The word “wilful” though given different definitions under different circumstances cannot well mean less than intentionally and by design. Town of Fletcher v. Kezer, 73 Vt. 70, 50 Atl. *253558; Newel v. Whitingham, 58 Vt. 341, 2 Atl. 172; Savage v. Tullar, Brayton, 223; Buchanan v. Cook, 70 Vt. 168, 40 Atl. 102.
In the case last cited, which is a tax case, reference is made to the learning in respect to the words “wilful” and “wilfully” as used in statutes and to the darker shade of meaning which they commonly have in penal statutes. So the Supreme Court of the United States has held that where a statute imposes a penalty upon one who shall wilfully violate a provision of law, the word “wilful” is to be given meaning and force, that it implies “a purpose to do wrong”, “a determination with a bad intent” to do, or to omit the doing of something, the doing of something with an “evil design” or with a “bad purpose”. Spurr v. United States, 174 U. S. 728, 19 Sup. Ct. 812, 43 L. Ed. 1150; Potter v. United States, 155 U. S. 438, 446, 15 Sup. Ct. 144, 39 L. Ed. 214; Evans v. United States, 153 U. S. 584, 594, 14 Sup. Ct. 934, 38 L. Ed. 830; Felton v. United States, 96 U. S. 699, 702, 24 L. Ed. 875.
The cases above cited fairly indicate the usual import of the words “wilful” and “ wilfully” when used with reference to violations of the criminal law.
The offence of which the respondent was convicted was a, violation of one of those police regulations of which one may be held guilty without reference to his “wilfulness” in the natural sense of the word. State v. Gilmore, 80 Vt. 514, 68 Atl. 658, 16 L. R. A. (N. S.) 786; State v. Tomassi, 67 Vt. 312, 31 Atl. 780; State v. Perkins, 42 Vt. 399.
Therefore, since the bond provided by statute can be forfeited only in consequence of a wilful violation of some provision of the law to which licensees are amenable, the forfeiture of the bond cannot be said to follow automatically upon a conviction for such an offence. Here the offence of which the respondent was convicted was not that of selling adulterated liquor, or of selling to any one to whom it was forbidden to sell, but of selling to a retailer certain cordials of which it had not submitted pint samples to the secretary of state for examination. It may well be that this failure grew out of a misunderstanding on the part of the respondent of its duty in respect to these cordials, put up and sold as it is not unlikely that they were, *254and that so, or for some other reason, its violation of the regulation referred to was not wilful. That question is not now before us.
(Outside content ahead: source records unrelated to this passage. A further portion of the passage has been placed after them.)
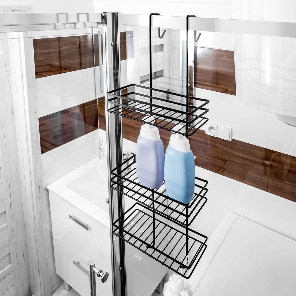 Το ράφι διαθέτει 3 επίπεδα αποθήκευσης για σαμπουάν, κοντίσιονερ, σαπούνια και μεγαλύτερες συσκευασίες καθώς και 4 πρακτικούς γάντζους – δύο εσωτερικά για σφουγγάρια και βούρτσες και δύο εξωτερικά για πετσέτες ή μπουρνούζια. Το κρεμάτε εύκολα στο επάνω άκρο του γυάλινου τοιχώματος της καμπίνας ντους και το αφαιρείτε το ίδιο εύκολα οποιαδήποτε στιγμή.
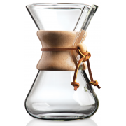 Chemex er en simpel og stilfuld måde at brygge og servere kaffe på! I Chemex bruges filterpapir, der er tykkere end normalt. Den langsomme brygningsproces giver vandet mere tid til at ekstrahere alle de gode aromaer fra kaffen, samtidig med at den forhindrer de mindste partikler i at ende i det bryggede kaffe. Du får et fyldigt, klart resultat.
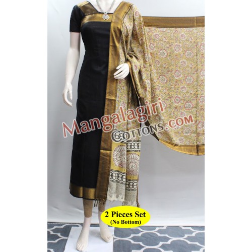 Mangalagiri Handloom Cotton Nizam Border Top with Kalamkari Hand Print Nizam Border Dupatta. Unstitched 2 Pieces Set.
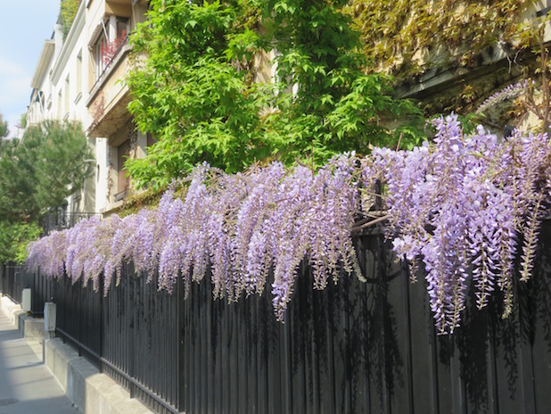 Glycine de Chine dans une rue entre métro Pont de Neuilly et parc de Bagatelle, 16e.
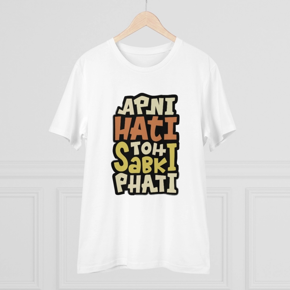 Generic Men’s PC Cotton Apni Hati To Sabki Phati Printed T Shirt (Color: White, Thread Count: 180GSM)
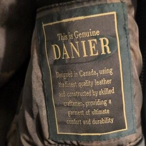 This Danier coat combines a sleek black leather finish with a classic military field design, offering a sophisticated and timeless look. The mid-length style and folded collar add a touch of elegance, making it a versatile choice for various occasions. Crafted with attention to detail, this coat ensures both style and durability.

We intimate nothing as to the conclusion which we should reach if the forfeiture of the bond followed automatically upon ■a conviction nor as to what views we might entertain of the ■constitutional question in an action upon the bond nor as to whether in such action the State, if it prevails, is entitled as of right to the full penalty of the bond.
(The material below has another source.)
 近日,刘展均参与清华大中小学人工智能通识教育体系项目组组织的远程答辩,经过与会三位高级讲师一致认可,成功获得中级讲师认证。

The other constitutional questions will be briefly disposed of. While the eighth amendment to the Federal Constitution does not operate upon the states, the Supreme Court of the United States now seems to recognize the doctrine that fines may be so grossly excessive as to amount to a deprivation of property without due process of law in violation of the fourteenth amendment. Waters Pierce Oil Co. v. Texas, 212 U. S. 86, 111, 29 Sup. Ct. 220, 53 L. Ed. 417.
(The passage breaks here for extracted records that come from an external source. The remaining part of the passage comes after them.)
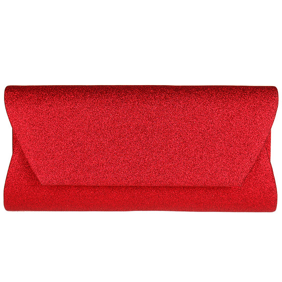 Avondtasje - Donkerrood Glitterstof - Groter Formaat - Magneetsluiting - Goudkleurige Schouderketting - 26x12.5cm
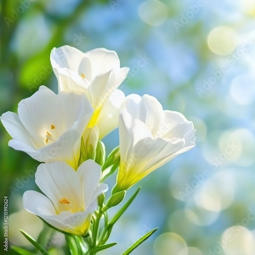 White flowers bloom, garden background, sunny day, nature beauty, greeting card
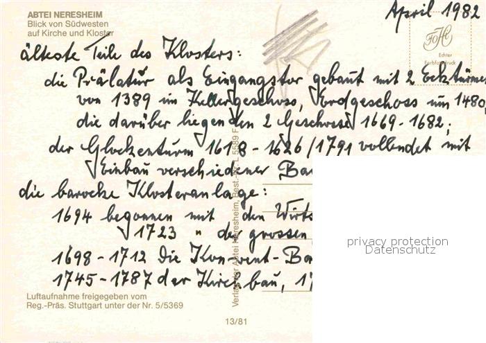 72785221 Neresheim Abtei Kirche Kloster Fliegeraufnahme postalisch nicht gelaufen Erhaltung siehe scans [FriedD77] KatCode: 11110008136045
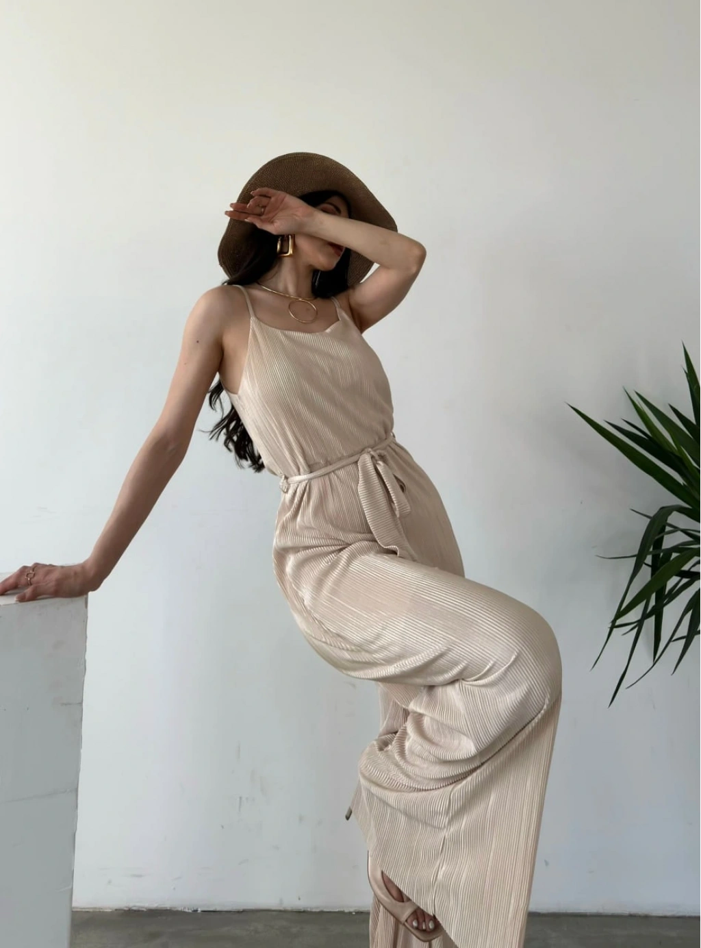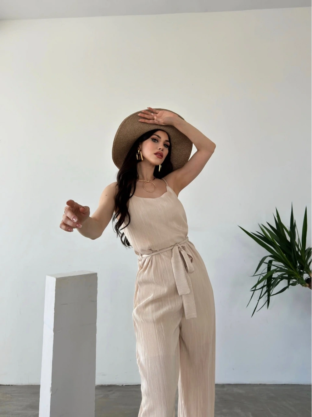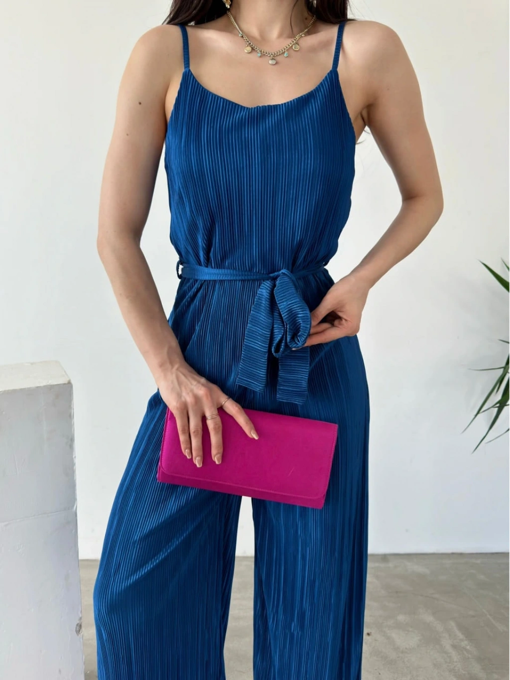 Ürün Adı: İp Askılı Kuşaklı Krinkle Tulum

But what we have already said meets any contention that is made, or that might be made, in this regard.
The remaining constitutional question raised, but not discussed, is that the respondent has been denied the equal protection of the laws. But this claim is without foundation.
Judgment that there is no error in the proceedings and that the respondent takes nothing by its exceptions. Let execution be done.